> _DATA SECTION_:
------------------------------------------------------------
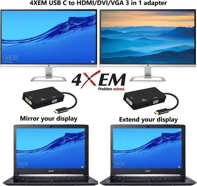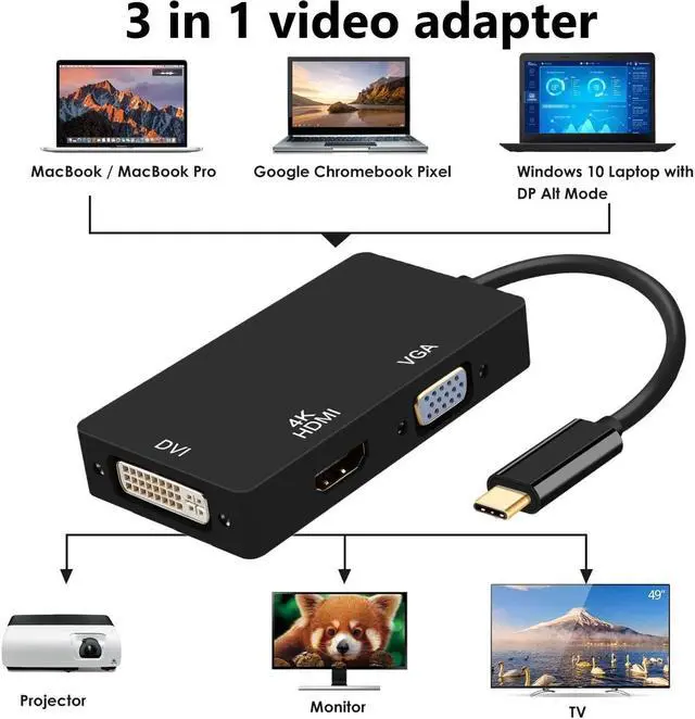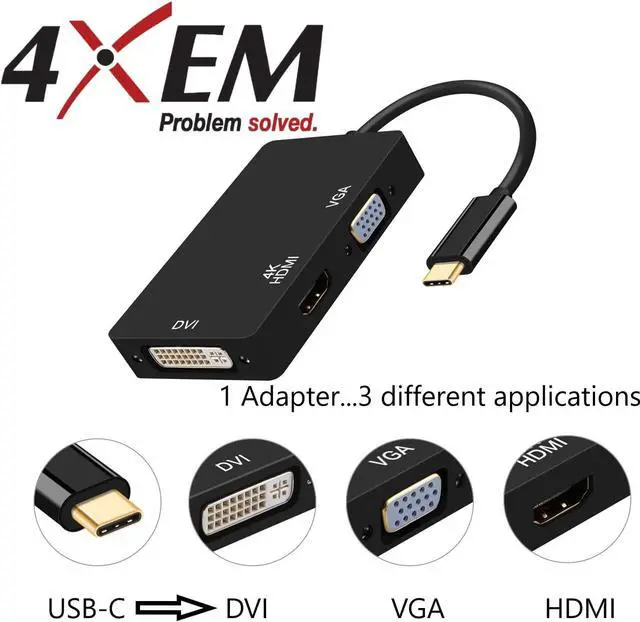4Xem 3 In 1 Usb Type C Hub To Hdmi Dvi Vga Adapter
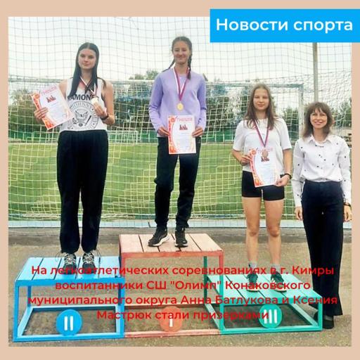 В соревнованиях приняли участие воспитанники СШ "Олимп" Конаковского муниципального округа. На дистанции 400 метров призёрами соревнований стали: Анна Батлукова - 2 место, Ксения Мастрюк -3 место.
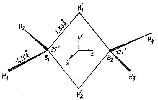 Гибридные АО бора h1 и h2, ориентированные к периферийным атомам водорода H1 и Н2, образуют угол 120°; угол h'j-орбиталями, ориентированными к мостиковым атомам водорода H'j, существенно меньше и составляет 102° (ср. с углами на рис.19).
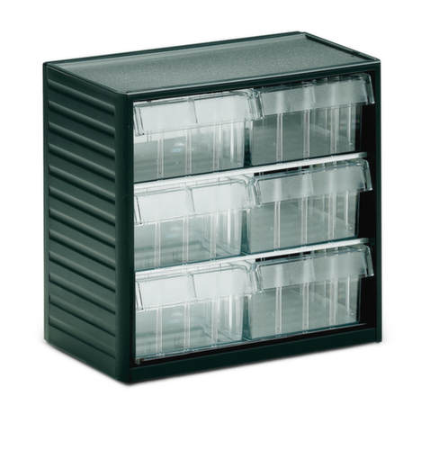 Gehäuse aus bruchsicherem Polypropylen / Schubladen aus schlagzähem Polystyrol. Schubladen in transparent. Schubladenboden gewellt zum leichteren Greifen kleiner Artikel. Böden aus Stahl, mit korrosionsschützender Zinkbeschichtung.
------------------------------------------------------------
Every line from the start of the material through the line holding "В соревнованиях приняли" must be returned exactly, and the pictures must not.

4Xem 3 In 1 Usb Type C Hub To Hdmi Dvi Vga Adapter
 В соревнованиях приняли участие воспитанники СШ "Олимп" Конаковского муниципального округа. На дистанции 400 метров призёрами соревнований стали: Анна Батлукова - 2 место, Ксения Мастрюк -3 место.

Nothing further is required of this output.